The only argument against Wind and Solar power at utility scale is the intermittency. Firstly, we have more than enough stable power from Hydel and the LNG plants` available to us to balance the grid. Secondly, advanced economies where they’ve had to resolve this issue are at much higher levels of renewable integration (Germany 36.2%, California 30% for 2017) compared to Pakistan at a meager 1%. For Pakistan to reach that level by 2030 will require a minimum of 47 GW* of the renewable installed base as compared to roughly 1 GW in 2017.

The policies and choices of the current govt. will have consequences for generations to come. The first IPP wave in 1994 resulted in expensive Furnace Oil based generation introduced into the system that focused all our investment and resources towards a fuel source with a short shelf life. The fundamental question for the policy makers to answer is “Do we want to repeat mistakes of the past by supporting dead-end technologies OR Do we want to participate meaningfully in the global re-industrialization by developing a renewable industrial base in the country? If the answer is latter then part b focuses on the policies to develop that future.

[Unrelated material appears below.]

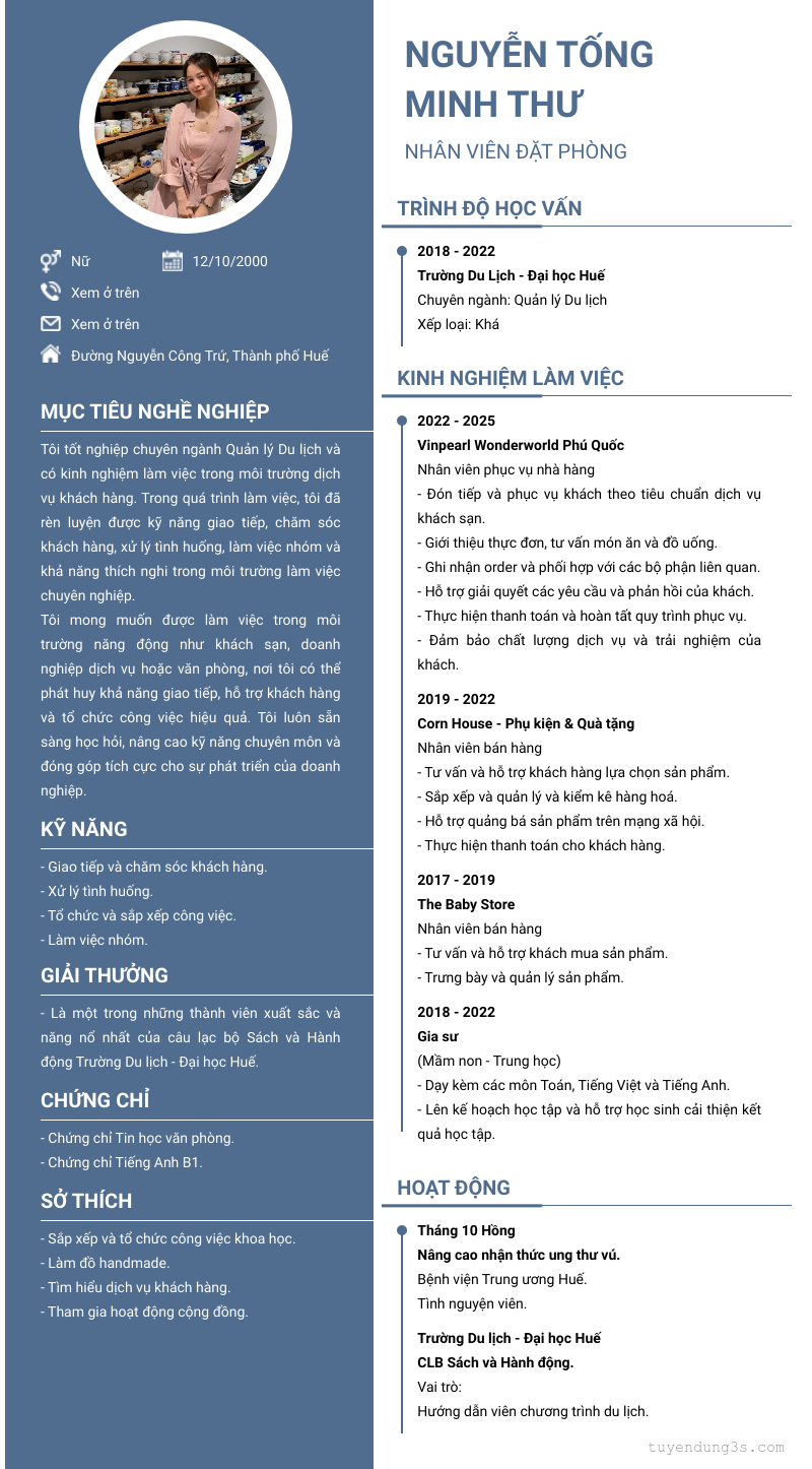 Mở xem thông tin đầy đủ ứng viên Nguyễn Tống Minh Thư chỉ với 2 điểm. Ứng viên được cập nhật ngày 10/03/2026

^Sources: American Council for Energy-Efficient Economy, World Economic Forum Global Energy Architecture Performance Index.

`1.79c Solar tariff achieved by Masdar and EDF for Sakaka Solar Power Project in Saudi Arabia, 1.77c Wind tariff achieved by ENEL in Mexico.

*Source: Pakistan Institute of Development Economics, The demand for electricity in Pakistan is expected to grow 8 fold by 2030 will require 162GW of installed base with the current mix. Actual renewable integration for a 30% contribution could be much higher.